The compilation brings a wide range of electronic music, from smooth ambient techno to hard electro, and spicing things up further with acid, techno and hip hop flavours. It features nine tracks from the 90s archives of U-TRAX and Phoq U Phonogrammen, by techno favorites like The Connection Machine, Tick Trax, P.A. Presents and Sonar Base and one track by Sp@sms from 2019. This selection of classics is completed by four brand new tracks from forthcoming U-TRAX albums by artists like hip-hop producer Thavius Beck (NYC), old school electro producer Nuklear Prophet (LA) and new school electro producer w1b0 (NL).

How are you? And what have you been getting up to recently?
I am doing fine, life is not too bad here in The Hague even in these times. I just did the second Legowelt art competition, where fans and freaks can send in paintings, drawings whatever and win some synths. There were awesome entries from all over the world, it’s fun to see these things coming in from distant exotic places. I am going through them now to decide which ones are the winners, so when this article is published you probably can check it out on my website.
Furthermore I worked on this Polish hardware instrument called the Polyend Tracker, its a sampler sequencer based on tracker software on the Commodore Amigas like Octamed and Protracker. Its a self contained hardware version with MIDI and SD card slot. They let me do a custom special edition with my artwork on the faceplate and I put in 5000 sounds taken from my studio. It also comes with finished projects in it, tracks that I made on it, they will be released on a vinyl LP together with the machine. Bogdan Raczynski and Pete Canon also did one you can check out sound demos and pre-order it here.

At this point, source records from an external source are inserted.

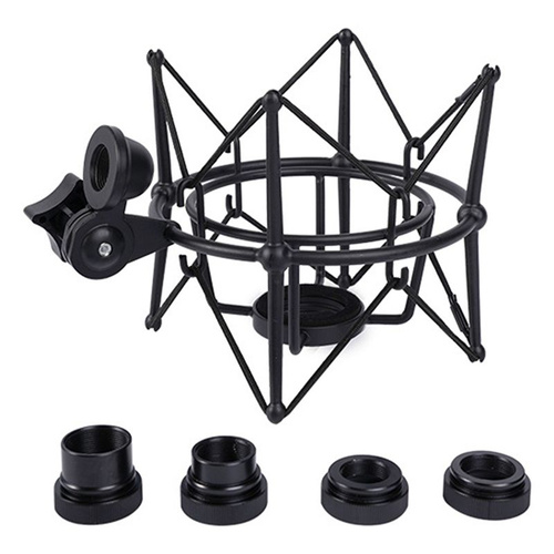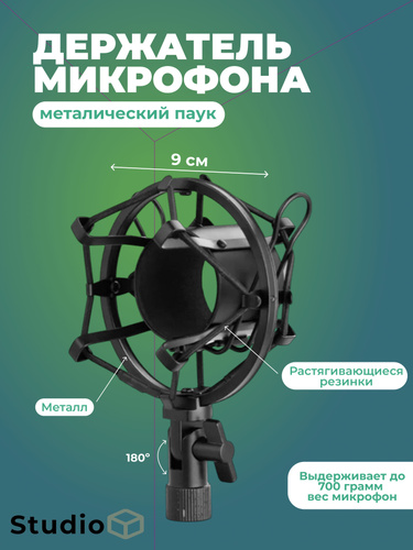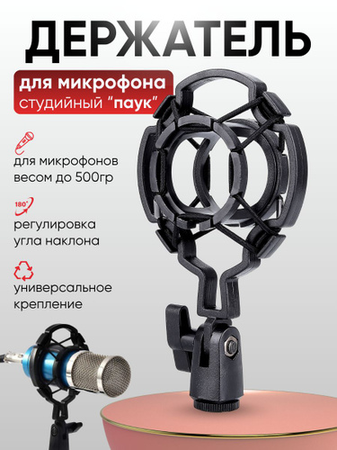 Держатель для микрофона паук на стойку пластиковый противоударный с амортизирующим креплением, резьба 1/8" и 3/8" (8 мм и 15 мм), студийный, игровой (для стриминга), черный
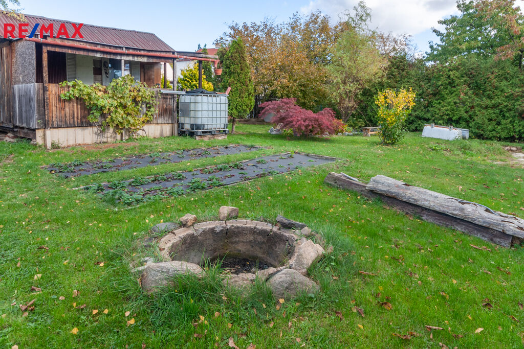 Součástí pozemku je zahradní domek se zastavěnou plochou 39m2 , dále je k dispozici přípojka elektřiny a vody. Příjezd k pozemku je po travnaté cestě ve vlastnictví města, parkování možné přímo na zahradě nebo před ní.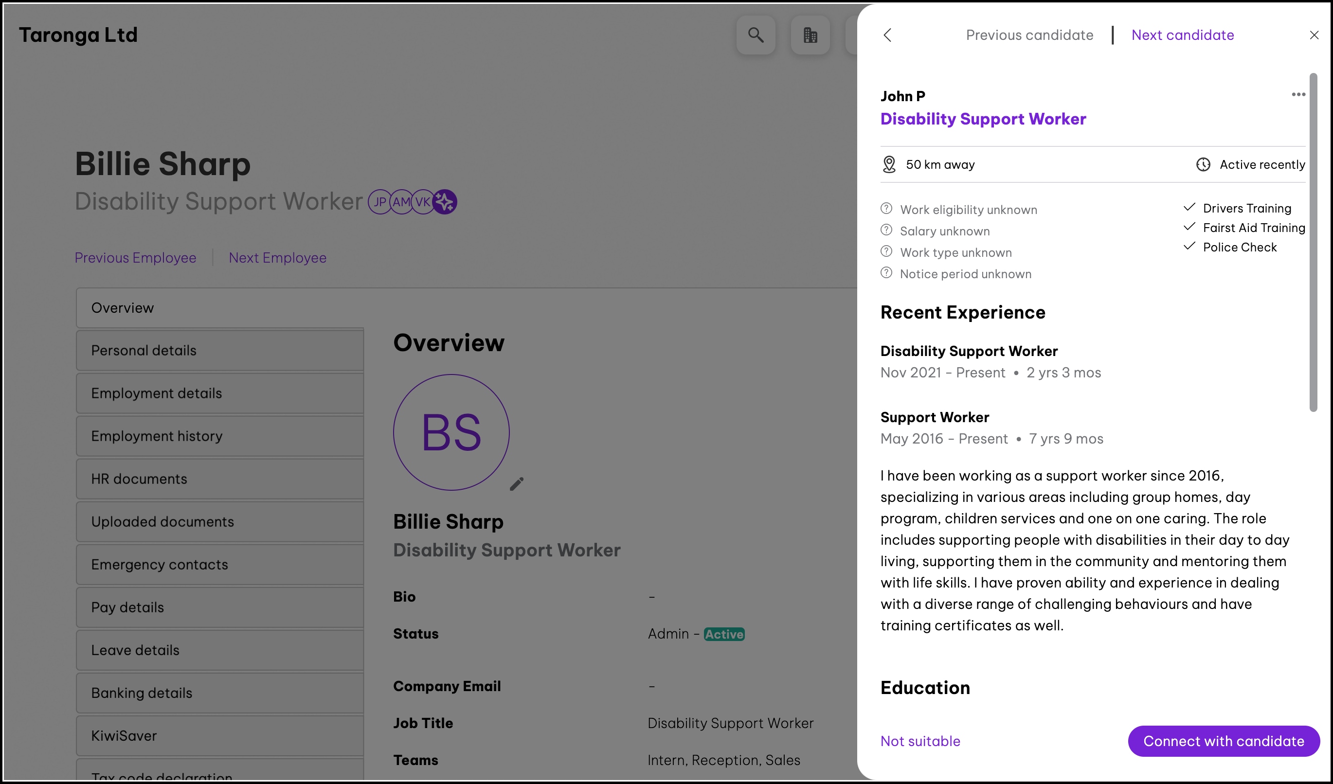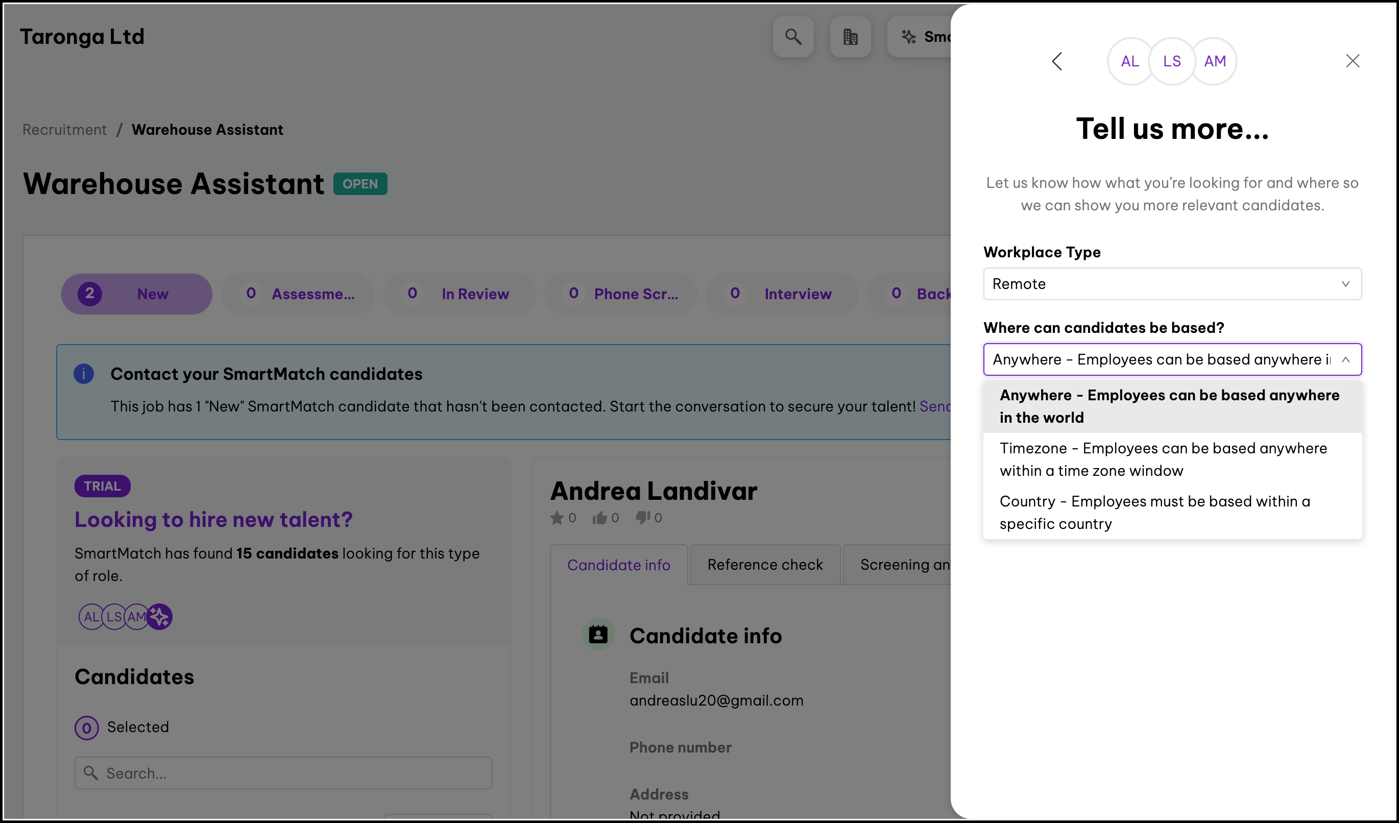 We have SmartMatch enabled by default in the Recruitment module for admins and owners, and hiring managers with access. In addition, SmartMatch can be used in the employee file and active job listings in the Recruitment module. You can refer to the following articles to see how to use SmartMatch on other areas on the platform:
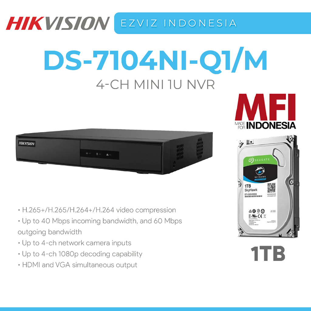 HIKVISION DS-7104NI-Q1/M NVR 4 CHANNEL MINI 1U H.265 BERGARANSI RESMI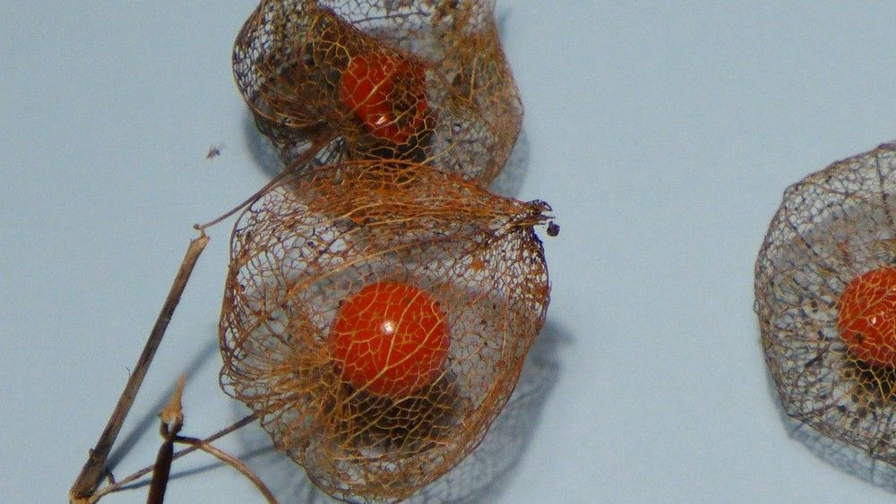 Mais je les aime aussi l'hiver, lorsque ayant perdu leur coque orange, elles dévoilent l'armature délicate qui contient leur fruit, justifiant alors leur nom d'amour en cage...

Most of my time over the past months, or even half a year already I worked on a feature animation film called “AMBIENT TRIP COMMANDER”, originally it was to be premiered with live score on synthesizers, in its first version, last October at the Utrecht Le Guess Who festival and the Eye film museum in Amsterdam. This was of course planned when things were looking a bit bright again in Holland with almost no new Covid cases and theatres were opening for controlled seated performances with 30 people. But yeah that didn’t really work out when the second wave hit and everything went in strict lockdown again, so I never did that gig. But that gave me time to work on it more and more and now its an hour long animation and much more advanced then the first version which basically was just some background visuals with a vague story for a music performance. I got time to develop the story, draw lots of new scenes and make more advanced animations. The story is about this girl called Samantha Tapferstern. She lives a boring mundane life working as a clerk in a synthesizer store in a small European city. At night she spends her lonely existence playing RPGs on her computer in her tiny apartment. One day she gets a mysterious email with a train ticket, an invitation to come to a castle deep in the dark Alps where they need her help. Then we follow her on that journey and all sort of adventures unfold.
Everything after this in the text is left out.